There are two places most people expect to catch a glimpse of God: In church or in nature. The trouble with that is we are neither place often enough to then live as if God is omnipresent. God becomes an add-on rather than a constant companion.

“A primary but often shirked task of the Christian in our society and culture is to notice, to see in detail, the sacredness of creation. The marks of God’s creative works are all around and in us. We live surrounded by cherubim singing, Holy, Holy, Holy.” Eugene H. Peterson, Christ Plays in 10,000 Places.

In the above quote Peterson is not using the word creation as we often do, in the sense of  wilderness and nature untouched by human hands. Peterson rather is using it holistically, meaning all that God has created: humans, and even the good things we have made.

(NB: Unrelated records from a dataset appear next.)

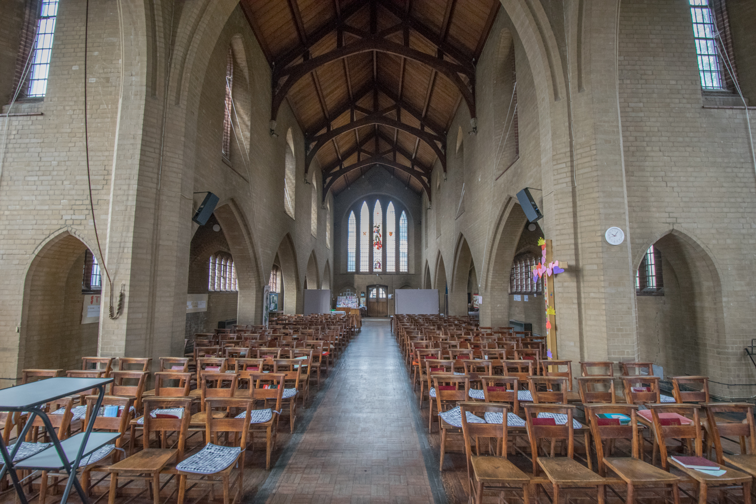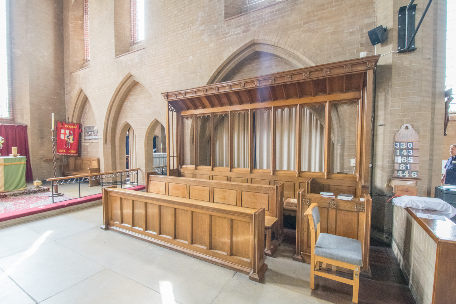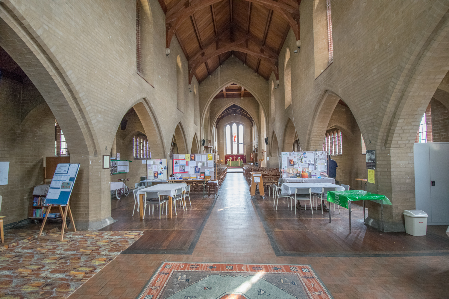 The Church's white brick columns & walls with large stained glass windows make for a very light and vibrant interior.
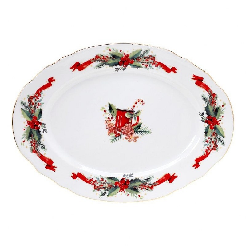 Χριστουγεννιάτικη πιατέλα πορσελάνης οβάλ της σειράς Christmas Magic από την CRYSPO TRIO - Διαστάσεις: 38εκ.
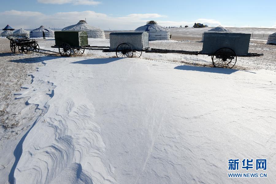 这是内蒙古呼伦贝尔鄂温克族自治旗伊敏苏木境内一处牧民居住点(11月6日摄)。初冬的内蒙古呼伦贝尔草原,蔚蓝的天空映衬着洁白大地,兴安林海苍山负雪、马群迎风欢歌舞动,人们在季节变换中欣赏到雄浑质朴的北国画卷。呼伦贝尔大草原位于祖国“雄鸡”版图冠顶,原始森林、典型草原、湿地河流湖泊交织密布,是北方重要生态安全屏障和辐射京津的绿色农畜产品生产基地。新华社记者 张领 摄
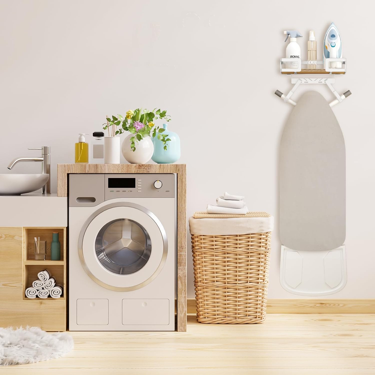 • WIDENED FRAME IS MORE STRONG: The laundry room accessories white ironing board are made of iron and natural wood. The wider frame makes it more sturdy and durable with 2 wider hooks. It creates a rustic and modern style while keeping your storage items safe.
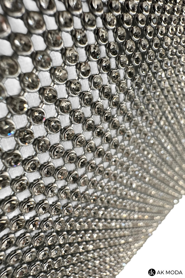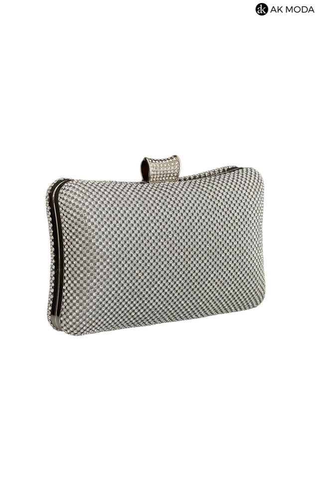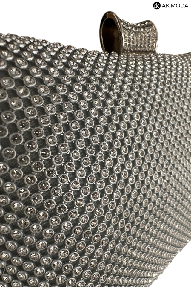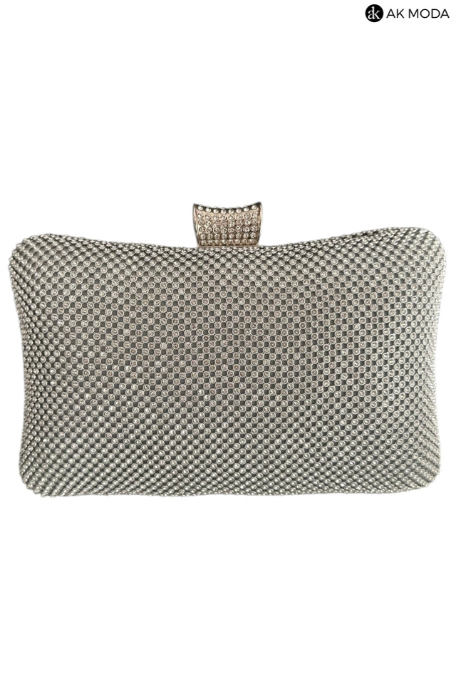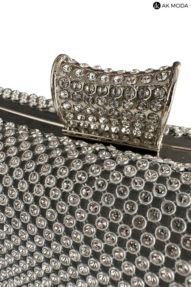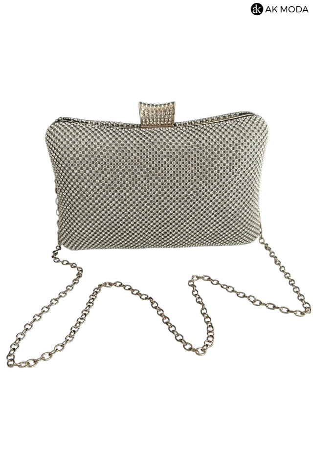 Elegancka torebka typu puzderko w kolorze srebrnym z ozdobnym zapięciem. Torebka posiada odpinany długi łańcuszek, oraz uchwyt, dzięki czemu można ją nosić zarówno w dłoni, jak i na ramieniu. Puzderko w całości wysadzane błyszczącymi cyrkoniami.
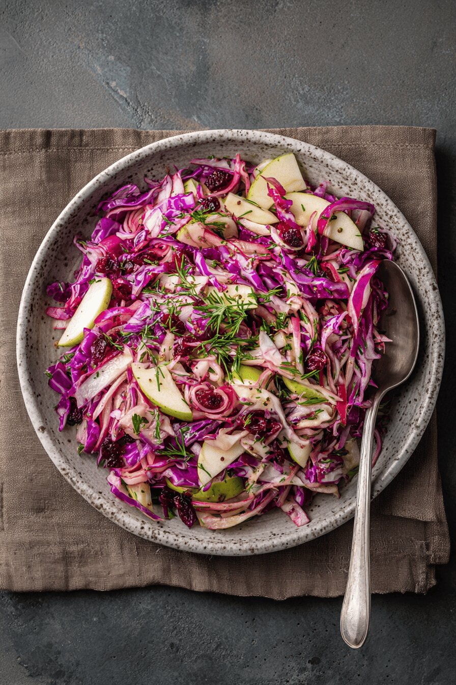 Salada vegana e crocante feita com repolho roxo fatiado finamente, maçã verde e cranberry, temperada com um vinagrete levemente adocicado de melado e vinagre de maçã. Texturas que contrastam e aromas frescos, perfeita para dias quentes, sem glúten, sem lactose e sem ovos. Ingredientes fáceis de encontrar, receita rápida que melhora com o tempo na geladeira, ideal para preparar antes e servir gelada.
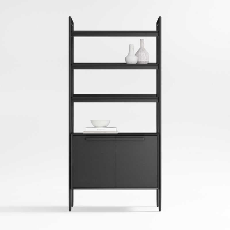 Our popular Tate collection brings its cool 1960s vibe into the office, family room or library as a modular storage solution with style to spare. Made with black-finished ash veneer, the bookcase features open shelving on top of a cabinet with sleek flat-front doors for a seamless mix of open and closed storage.
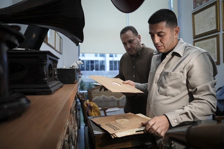 Taş plak koleksiyoneri Yunus Savaş ve Hakan Balcı, unutulmaya yüz tutan taş plak kültürünü yaşatmak için sosyal sorumluluk projeleri yürütüyor.
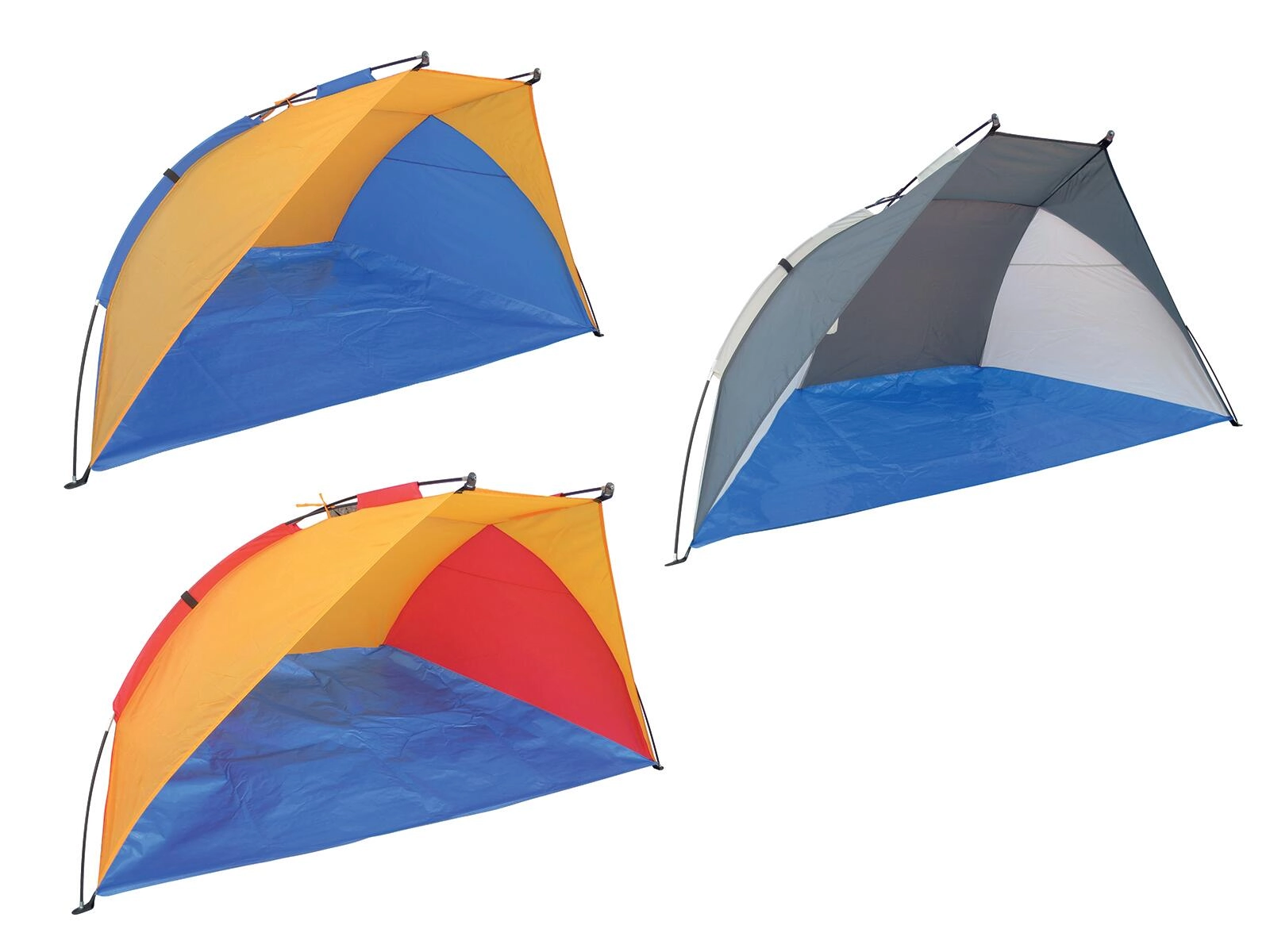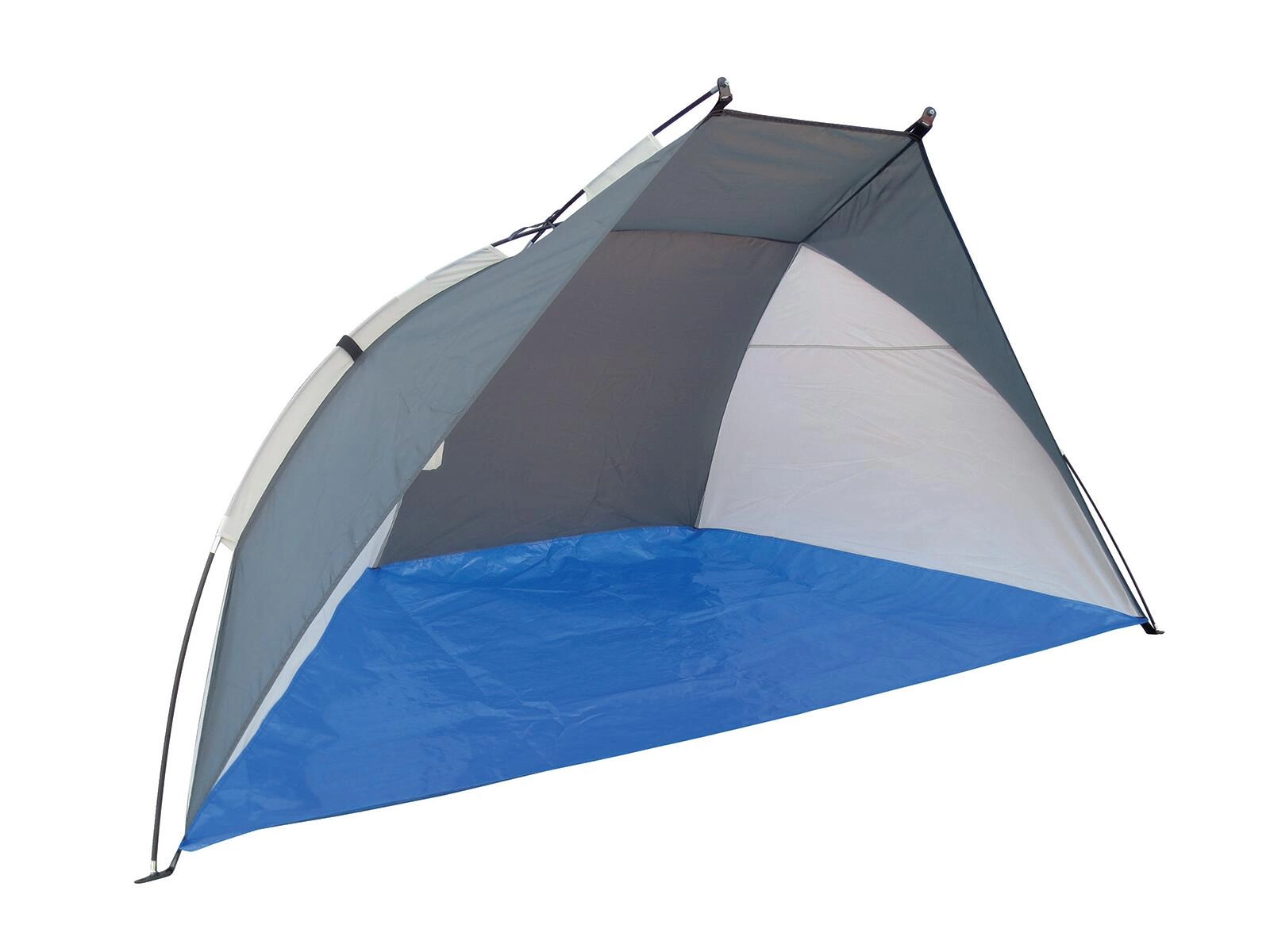 Odporen 170T poliester z integriranim dnom nudi senco in zavetrje za udoben počitek ob vodi.

The pictures below are from an evening with a friend on the deck of a trendy place called Tsunami. God was not only in the sunsets, but in our conversation about family, frogs, rootedness, what the future holds, and most of all how we two are simple men who are trying to live authentic lives of faith. Such things are hard to catch in photos. So, the glass of wine reflecting the Cajun sunset will have to also reflect seeing God in the spaces between two people.

The tug toiling in the golden water . . . well what metaphor is that?

Eugene C. Scott doesn’t usually look for God in cityscapes, but maybe he should. Join him in the year The Year of Living Spiritually. You can join the Living Spiritually community by following that blog and clicking here and liking the page. He is also co-pastor of The Neighborhood Church.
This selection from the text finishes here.